WHAT NEEDS TO BE DONE:
Output exactly the lines below, starting with the line that has "Tondeuse à cheveux" and going on through the line that has "使用手持式三维激光扫描仪采集", both included, and no other lines.

DATA SHOWN:
######

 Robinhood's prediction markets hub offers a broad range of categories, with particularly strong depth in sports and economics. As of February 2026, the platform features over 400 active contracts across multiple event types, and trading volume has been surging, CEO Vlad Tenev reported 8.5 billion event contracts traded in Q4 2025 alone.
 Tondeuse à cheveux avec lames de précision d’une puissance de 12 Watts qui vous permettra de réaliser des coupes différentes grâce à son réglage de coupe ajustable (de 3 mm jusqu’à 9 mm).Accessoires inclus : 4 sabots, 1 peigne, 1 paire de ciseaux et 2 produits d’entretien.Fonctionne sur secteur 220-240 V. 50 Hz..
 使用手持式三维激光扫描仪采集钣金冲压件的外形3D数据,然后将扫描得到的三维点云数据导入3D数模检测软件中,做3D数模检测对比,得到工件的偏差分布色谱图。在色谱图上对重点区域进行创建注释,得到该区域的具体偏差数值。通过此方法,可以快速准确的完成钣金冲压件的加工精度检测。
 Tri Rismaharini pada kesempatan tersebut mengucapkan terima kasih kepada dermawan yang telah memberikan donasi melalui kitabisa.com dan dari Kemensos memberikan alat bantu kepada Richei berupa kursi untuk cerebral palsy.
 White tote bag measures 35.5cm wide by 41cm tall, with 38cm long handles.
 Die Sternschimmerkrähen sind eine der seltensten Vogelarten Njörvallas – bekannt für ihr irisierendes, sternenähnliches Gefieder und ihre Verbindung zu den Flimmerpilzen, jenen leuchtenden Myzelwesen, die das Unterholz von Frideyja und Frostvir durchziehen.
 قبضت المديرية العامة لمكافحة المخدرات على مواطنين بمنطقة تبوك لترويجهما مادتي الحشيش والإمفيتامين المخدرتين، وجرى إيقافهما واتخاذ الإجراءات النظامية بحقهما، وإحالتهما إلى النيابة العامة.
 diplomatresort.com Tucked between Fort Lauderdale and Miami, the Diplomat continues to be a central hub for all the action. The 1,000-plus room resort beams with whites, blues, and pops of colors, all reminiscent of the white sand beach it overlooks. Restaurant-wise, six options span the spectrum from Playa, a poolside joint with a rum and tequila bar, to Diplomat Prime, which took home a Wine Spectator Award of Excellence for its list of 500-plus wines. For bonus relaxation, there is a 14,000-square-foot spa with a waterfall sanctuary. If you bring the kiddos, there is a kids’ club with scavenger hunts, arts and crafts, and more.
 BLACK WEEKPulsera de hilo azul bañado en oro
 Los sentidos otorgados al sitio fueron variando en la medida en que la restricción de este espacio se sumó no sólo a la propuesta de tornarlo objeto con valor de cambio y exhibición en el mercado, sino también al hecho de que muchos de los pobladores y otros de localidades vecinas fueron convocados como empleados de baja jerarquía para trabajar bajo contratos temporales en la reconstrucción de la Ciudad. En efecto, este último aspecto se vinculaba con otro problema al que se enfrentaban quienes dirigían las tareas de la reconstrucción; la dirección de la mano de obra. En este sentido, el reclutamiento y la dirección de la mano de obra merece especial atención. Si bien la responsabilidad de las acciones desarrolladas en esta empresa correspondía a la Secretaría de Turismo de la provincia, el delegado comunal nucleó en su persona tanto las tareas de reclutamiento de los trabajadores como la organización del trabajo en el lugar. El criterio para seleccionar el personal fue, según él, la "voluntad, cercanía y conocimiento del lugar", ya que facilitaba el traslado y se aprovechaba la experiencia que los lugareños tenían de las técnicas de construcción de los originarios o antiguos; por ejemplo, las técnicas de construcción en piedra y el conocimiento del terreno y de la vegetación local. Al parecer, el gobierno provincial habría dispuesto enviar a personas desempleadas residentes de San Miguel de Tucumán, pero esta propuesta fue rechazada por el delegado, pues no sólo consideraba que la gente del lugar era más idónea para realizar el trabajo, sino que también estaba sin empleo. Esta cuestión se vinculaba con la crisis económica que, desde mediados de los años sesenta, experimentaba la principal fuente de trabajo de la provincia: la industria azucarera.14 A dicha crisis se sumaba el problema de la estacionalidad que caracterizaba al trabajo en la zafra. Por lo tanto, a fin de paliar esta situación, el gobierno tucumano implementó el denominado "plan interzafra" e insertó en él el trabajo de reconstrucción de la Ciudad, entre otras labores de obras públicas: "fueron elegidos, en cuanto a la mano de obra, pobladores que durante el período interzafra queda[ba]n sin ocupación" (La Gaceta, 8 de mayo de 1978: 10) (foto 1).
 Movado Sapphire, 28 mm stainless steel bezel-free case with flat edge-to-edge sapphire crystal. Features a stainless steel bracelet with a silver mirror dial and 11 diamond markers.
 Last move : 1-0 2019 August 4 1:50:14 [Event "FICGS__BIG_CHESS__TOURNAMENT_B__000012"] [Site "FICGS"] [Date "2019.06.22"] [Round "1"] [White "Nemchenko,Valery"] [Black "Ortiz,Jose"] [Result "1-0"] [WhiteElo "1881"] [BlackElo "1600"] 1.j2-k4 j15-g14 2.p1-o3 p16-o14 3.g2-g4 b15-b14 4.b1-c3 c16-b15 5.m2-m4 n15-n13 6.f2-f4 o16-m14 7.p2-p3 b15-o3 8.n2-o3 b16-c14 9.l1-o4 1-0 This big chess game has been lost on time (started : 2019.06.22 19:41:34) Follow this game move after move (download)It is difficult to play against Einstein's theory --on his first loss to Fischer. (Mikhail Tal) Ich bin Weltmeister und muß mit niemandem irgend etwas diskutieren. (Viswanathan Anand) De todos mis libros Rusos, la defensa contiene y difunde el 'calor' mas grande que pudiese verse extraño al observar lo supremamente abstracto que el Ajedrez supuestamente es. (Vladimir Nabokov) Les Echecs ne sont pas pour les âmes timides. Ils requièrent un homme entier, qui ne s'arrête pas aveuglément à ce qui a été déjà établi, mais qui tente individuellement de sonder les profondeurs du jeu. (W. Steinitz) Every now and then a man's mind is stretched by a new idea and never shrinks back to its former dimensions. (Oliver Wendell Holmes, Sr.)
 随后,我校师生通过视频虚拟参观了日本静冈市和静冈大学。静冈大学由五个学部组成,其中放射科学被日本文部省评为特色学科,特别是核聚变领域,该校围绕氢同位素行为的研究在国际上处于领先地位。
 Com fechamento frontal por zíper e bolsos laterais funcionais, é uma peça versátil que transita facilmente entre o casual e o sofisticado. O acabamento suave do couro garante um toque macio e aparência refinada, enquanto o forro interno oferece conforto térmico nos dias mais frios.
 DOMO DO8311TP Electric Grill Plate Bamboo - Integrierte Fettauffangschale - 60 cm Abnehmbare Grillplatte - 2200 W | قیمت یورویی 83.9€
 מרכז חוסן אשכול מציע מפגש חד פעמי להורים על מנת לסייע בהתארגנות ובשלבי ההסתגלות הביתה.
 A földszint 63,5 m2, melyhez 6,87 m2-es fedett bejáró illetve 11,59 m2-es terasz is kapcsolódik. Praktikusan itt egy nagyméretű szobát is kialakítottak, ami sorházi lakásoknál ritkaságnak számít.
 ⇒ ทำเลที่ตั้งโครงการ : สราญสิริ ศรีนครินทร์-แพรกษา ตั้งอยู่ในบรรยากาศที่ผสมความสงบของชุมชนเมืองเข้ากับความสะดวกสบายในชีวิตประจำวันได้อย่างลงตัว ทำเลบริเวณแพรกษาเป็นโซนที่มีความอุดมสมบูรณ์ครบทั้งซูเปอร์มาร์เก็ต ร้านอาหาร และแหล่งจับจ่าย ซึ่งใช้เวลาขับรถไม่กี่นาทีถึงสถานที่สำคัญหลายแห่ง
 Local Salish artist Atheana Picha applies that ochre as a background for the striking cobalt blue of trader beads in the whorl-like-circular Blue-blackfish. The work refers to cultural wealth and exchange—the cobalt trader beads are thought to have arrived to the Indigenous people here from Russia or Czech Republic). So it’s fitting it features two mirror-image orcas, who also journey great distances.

######

RESULT OF THE EXERCISE:
 Tondeuse à cheveux avec lames de précision d’une puissance de 12 Watts qui vous permettra de réaliser des coupes différentes grâce à son réglage de coupe ajustable (de 3 mm jusqu’à 9 mm).Accessoires inclus : 4 sabots, 1 peigne, 1 paire de ciseaux et 2 produits d’entretien.Fonctionne sur secteur 220-240 V. 50 Hz..
 使用手持式三维激光扫描仪采集钣金冲压件的外形3D数据,然后将扫描得到的三维点云数据导入3D数模检测软件中,做3D数模检测对比,得到工件的偏差分布色谱图。在色谱图上对重点区域进行创建注释,得到该区域的具体偏差数值。通过此方法,可以快速准确的完成钣金冲压件的加工精度检测。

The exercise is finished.